Ce fut lorsqu'ils aperçurent la porte du Lion que leur hébétude momentanée disparut. Le fauve était méconnaissable. Les gigantesques battants portaux avaient été enfoncés. Ils n'avaient pu l’entrevoir qu’au dernier moment, en arrivant à proximité de l’enceinte du village du fait de sa situation forestière. Des fumées s’échappaient par-dessus les murailles et pas un bruit n’était audible au-delà de celles-ci. Il n’y avait aucun doute sur ce qui s’était passé. Les Atlants n’avaient pas battu en retraite.

Les jumeaux, encore chancelants, se mirent en garde. Lune sonda aussi bien que possible les forces avoisinantes, mais ses capacités étaient amoindries. Ils pénétrèrent avec prévention au travers de la montagne de ferraille disloquée qui aurait dû faire office de porte blindée. Le paysage qui s’était entraperçu au travers se confirma. La désolation. L’amas de bois, de pierres et de briques se juxtaposait de part et d'autre, et qui hier encore s’affichait en structures habitables. Quelques architectures tenaient encore debout, mais peu étaient intactes. Et puis des corps, encore et toujours, des âmes privées de leur futur morose.

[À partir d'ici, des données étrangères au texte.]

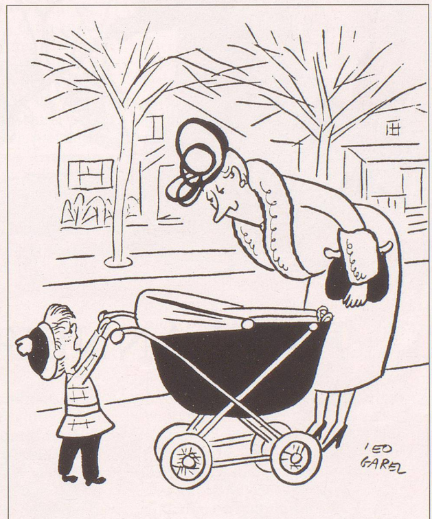
Legende zu Bild Nr. 18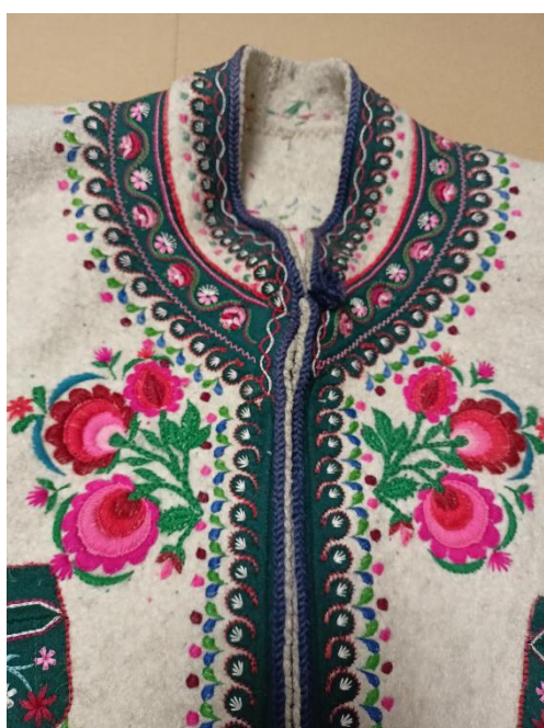
Fotografia 26. Cucha z sukna białego ozdobiona haftowanymi bukietami z motywem pawiego oka E/3133/MT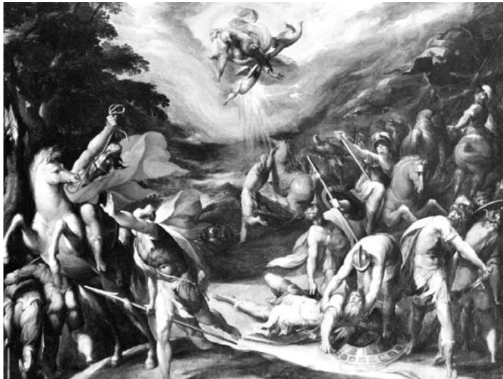
Hans Speckaert: Pál megtérése

A damaszkuszi úton egy ember megy a maga útján, építi karrierjét, és úgy gondolja, mindez Isten akaratával is egyezik. Egyszer csak hirtelen mennyei világosság által földre tiportatik, és át kell gondolnia egész addigi életét. Új irányba kell elindulnia. Pál apostol eddig úgy gondolta, az ő küldetése az, hogy üldözze a keresztyéneket, semmisítse meg a Jézusban hí-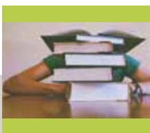
Kom studeren in de Bib vanaf 28 mei - info op blz. 19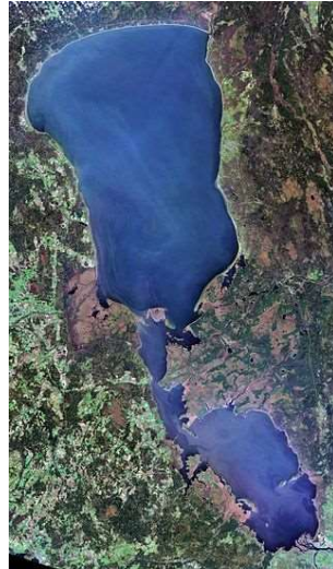
5. ábra A Csúd-Pszkovi-tórendszer műholdas képe (http27) Figure 5. The satellite view of Lake Peipus (http27)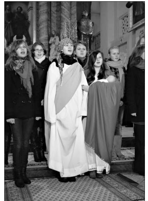
Schola młodzieżowa z parafii katolickiej w Zabłudowie

Ponadto w kościele wystąpiły: schola dziecięca i młodzieżowa oraz grupa wokalnie – muzyczna z parafii pw. św. App. Piotra i Pawła, zespół dziecięcy z Dobrzyniówki, zespół z Ryboł oraz gościnnie zespół z Czarnej Wsi Kościelnej.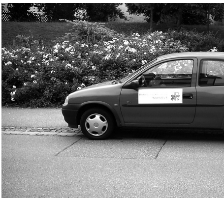
Aktion 99 „Meine Hilfe - Deine Hilfe“ Autohaus Knapp.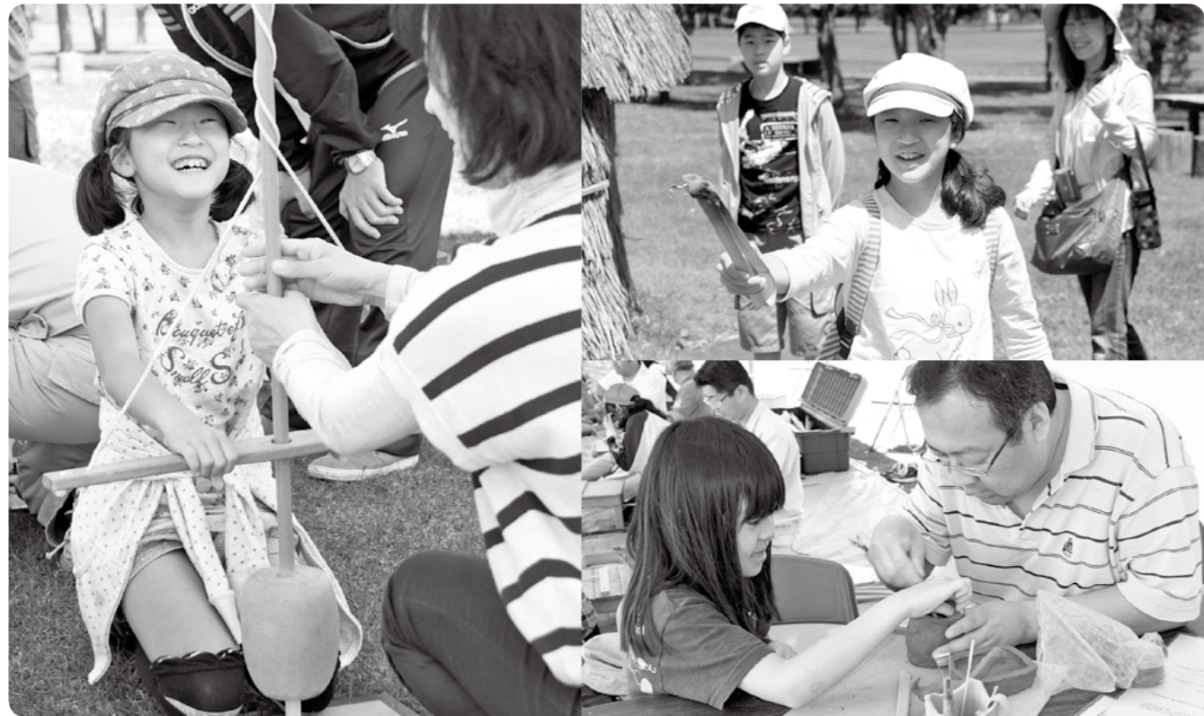
今年の春まつりの様子。秋まつりでも子どもから大人まで楽しめる催しがたくさん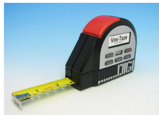
音声メジャー VOXテープ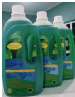
Gambar 1. Produk Sabun Cuci Piring Program Studi Teknik Industri

produk sabun cuci yang dihasilkan oleh Prodi Teknik Industri Universitas Pamulang untuk diajarkan pada masyarakat di Desa Cihuni.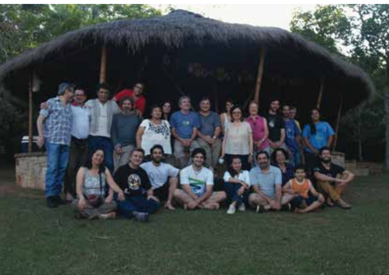
Reunión de la Alianza Biodiversidad en Yvapuruvú, Paraguay, 2015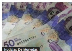
Noticias De Monedas

Para junio, volvió a bajar tasa de usura en Colombia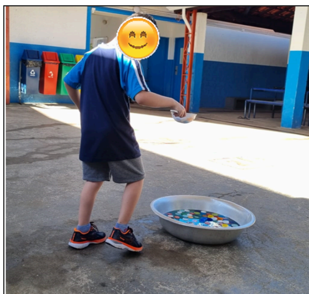
Figura 8: atividade de transferência de tampinhas de um recipiente para outro e contagem.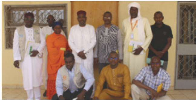
Rencontre d'échanges avec le Conseil Régional de Tahoua

de certaines réalisations du programme dans les communes d'intervention ont permis de s'enquérir directement des résultats de la mise en œuvre du programme sur le terrain. Dans la région de Dosso le directeur du programme a d'abord rencontré le président du conseil régional et son staff pour faire le point de l'appui du programme dans la région. La mission est largement revenue sur le dispositif de suivi et évaluation des communes piloté par le conseil regional de Dosso, dont la mise en place a été appuyée par le programme. La mission du directeur du programme s'est rendue dans la commune de Doumega, village de Angoual Malamaye pour visiter le champs école agropastoral et échanger avec les apprenants. Après la région de Dosso, la mission s'est rendu dans la région de Tahoua ou elle a tout d'abord effectué une visite de courtoisie au gouverneur de la région avant de tenir une séance de travail avec le conseil régional de Tahoua. ■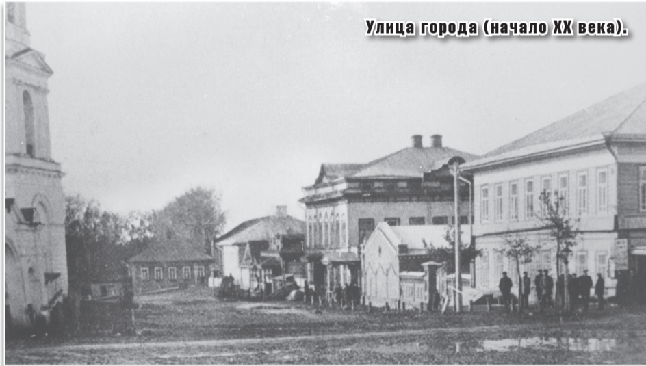
Улица города (начало XX века).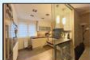
Ipurua ingurua Ref. 171

101 m 2 . Erdigunean. Pisu ederra balkoiarekin. 250.000€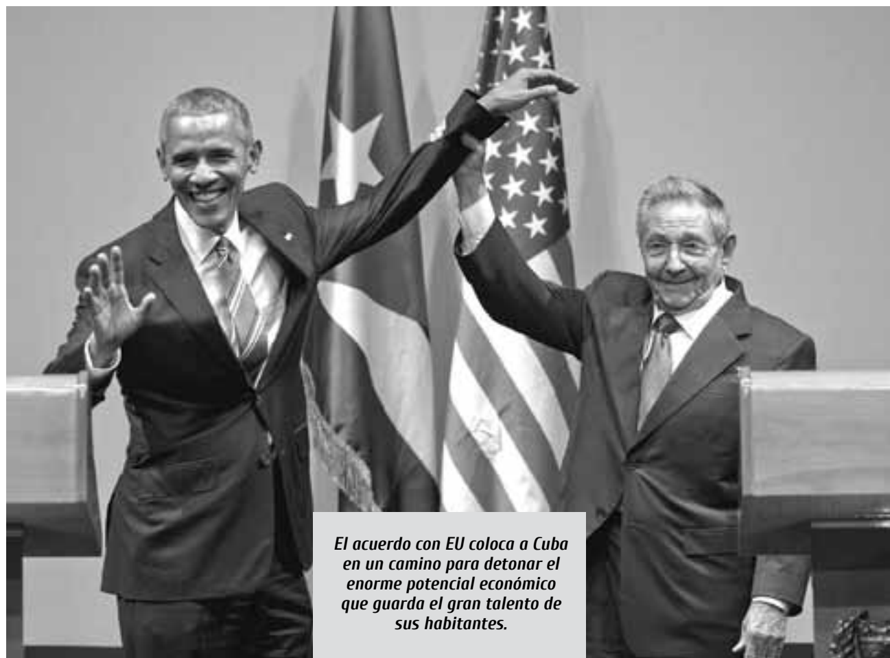
El acuerdo con EU coloca a Cuba en un camino para detonar el enorme potencial económico que guarda el gran talento de sus habitantes.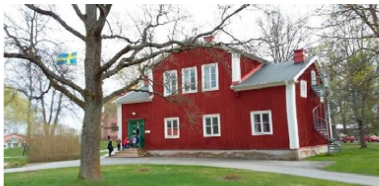
Ursprungsbyggnaden. 1878 flyttade skolan in i det här skolhuset som idag används som skolmuseum.

Det började med en vinterkurs för pojkar. Sju år senare infördes en sommarkurs för flickor. Idag är Kävesta folkhögskola en väletablerad utbildningsbas med kulturprofil, både för män och kvinnor, cirka två mil söder om Örebro. En av de äldsta folkhögskolorna i landet.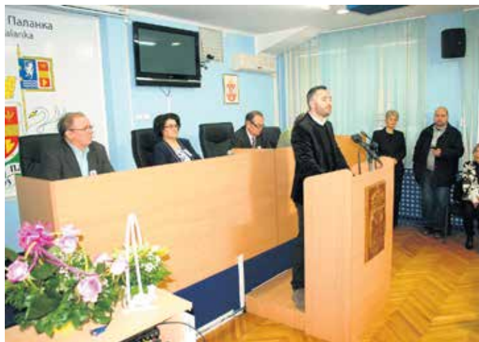
Руководство СИР и покрајински секретар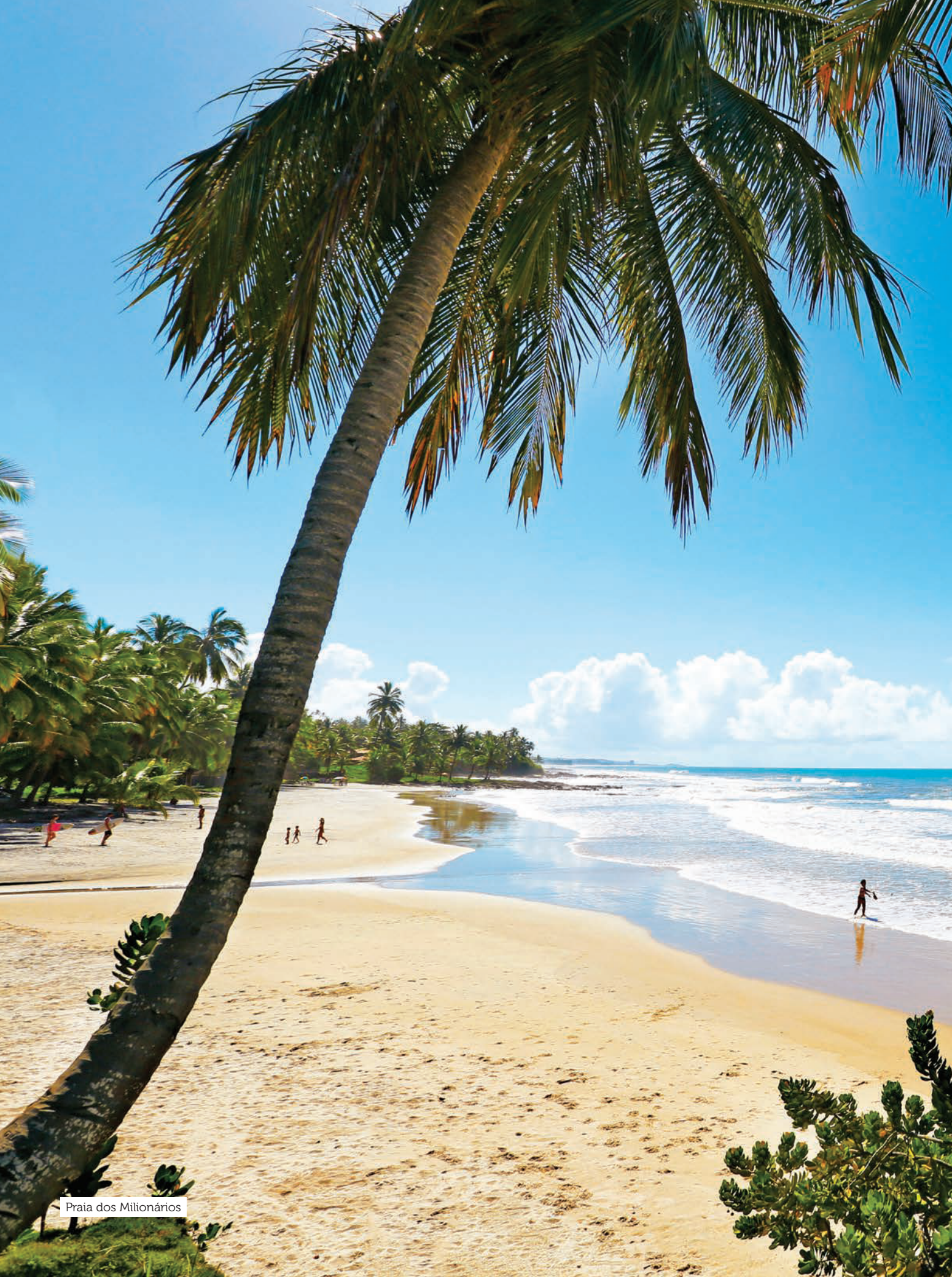
Praia dos Milionários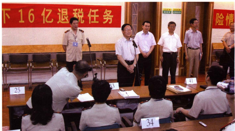
● 2003年7月20日，国家税务总局局长谢旭人(正面左二)在上海慰问因受轨道交通4号线工地突发事件影响、紧急搬迁到临时办公点工作的财税干部。正面左三为国家税务总局总经济师王力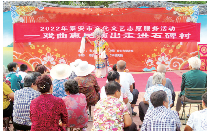
■演出现场。

本报9月20日讯(最泰安安全媒体记者 张芮)近日,市山东梆子艺术研究院按照市文化和旅游局统一部署,组织精干演出队伍来到泰山区邱家店镇石碑村,开展2022年泰安市文化文艺志愿服务活动,演出受到群众热烈欢迎。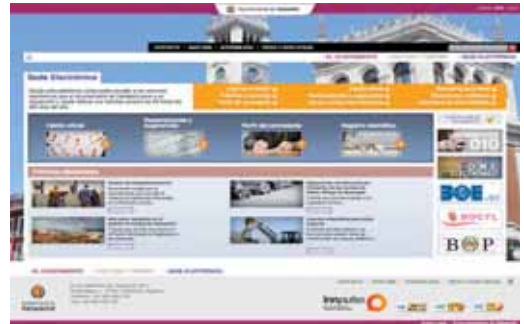
Página web donde se podrán hacer las gestiones.

Las acciones tendrán la misma validez que los documentos sellados en la sede física del registro municipal, ubicada en la plaza de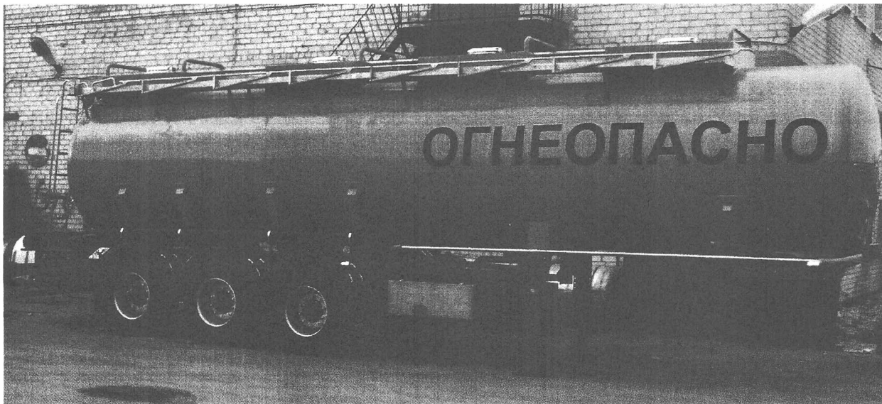
Фото 1. Общий вид полуприцепа-цистерны ППЦ-СН

На боковых сторонах и сзади цистерна имеет надпись «ОГНЕОПАСНО», знак ограничения скорости и знаки с информационными табличками для обозначения транспортного средства, перевозящего опасный груз.

Il semblait que la bataille était terminée. Quelques miraculés déambulaient avec confusion et désorientation. Ils semblaient perdus. Ils étaient perdus. Ne reconnaissant plus ni le paysage de leur cité ni leur désormais lointain quotidien paisible, ils erraient. Leurs corps chanceux et leurs habits, bien qu’en partie intègres, affichaient la violence de ce qu’ils avaient traversé, quand leur visage témoignait d’un désespoir pour la plupart. Rares étaient ceux qui avaient l’optimisme et la force de dégager les décombres pour tenter de découvrir quelques autres rescapés.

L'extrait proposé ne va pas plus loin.